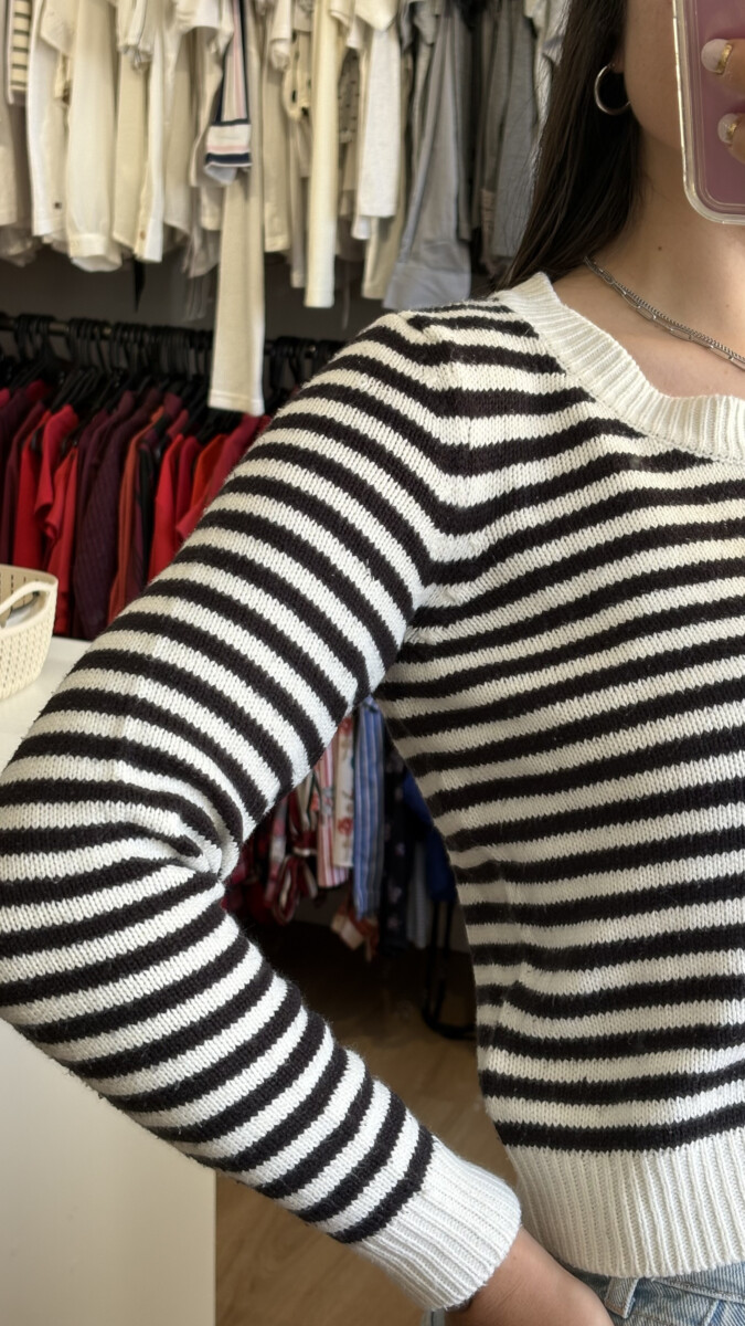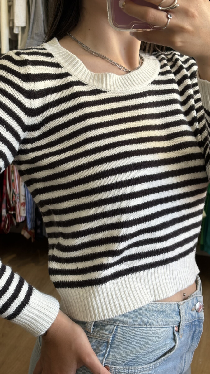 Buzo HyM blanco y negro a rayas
==
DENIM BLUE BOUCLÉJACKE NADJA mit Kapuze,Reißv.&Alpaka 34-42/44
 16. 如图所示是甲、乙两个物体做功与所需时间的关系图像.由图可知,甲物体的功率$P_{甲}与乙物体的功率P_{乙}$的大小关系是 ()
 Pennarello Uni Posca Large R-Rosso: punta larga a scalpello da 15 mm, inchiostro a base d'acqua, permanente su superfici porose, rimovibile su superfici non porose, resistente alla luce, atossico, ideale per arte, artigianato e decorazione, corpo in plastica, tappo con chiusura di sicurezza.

**Problem statement**
Give only the lines from the one holding "DENIM BLUE BOUCLÉJACKE" through the one holding "Pennarello Uni Posca", each restated exactly as it appears above.

**Response to the task**
DENIM BLUE BOUCLÉJACKE NADJA mit Kapuze,Reißv.&Alpaka 34-42/44
 16. 如图所示是甲、乙两个物体做功与所需时间的关系图像.由图可知,甲物体的功率$P_{甲}与乙物体的功率P_{乙}$的大小关系是 ()
 Pennarello Uni Posca Large R-Rosso: punta larga a scalpello da 15 mm, inchiostro a base d'acqua, permanente su superfici porose, rimovibile su superfici non porose, resistente alla luce, atossico, ideale per arte, artigianato e decorazione, corpo in plastica, tappo con chiusura di sicurezza.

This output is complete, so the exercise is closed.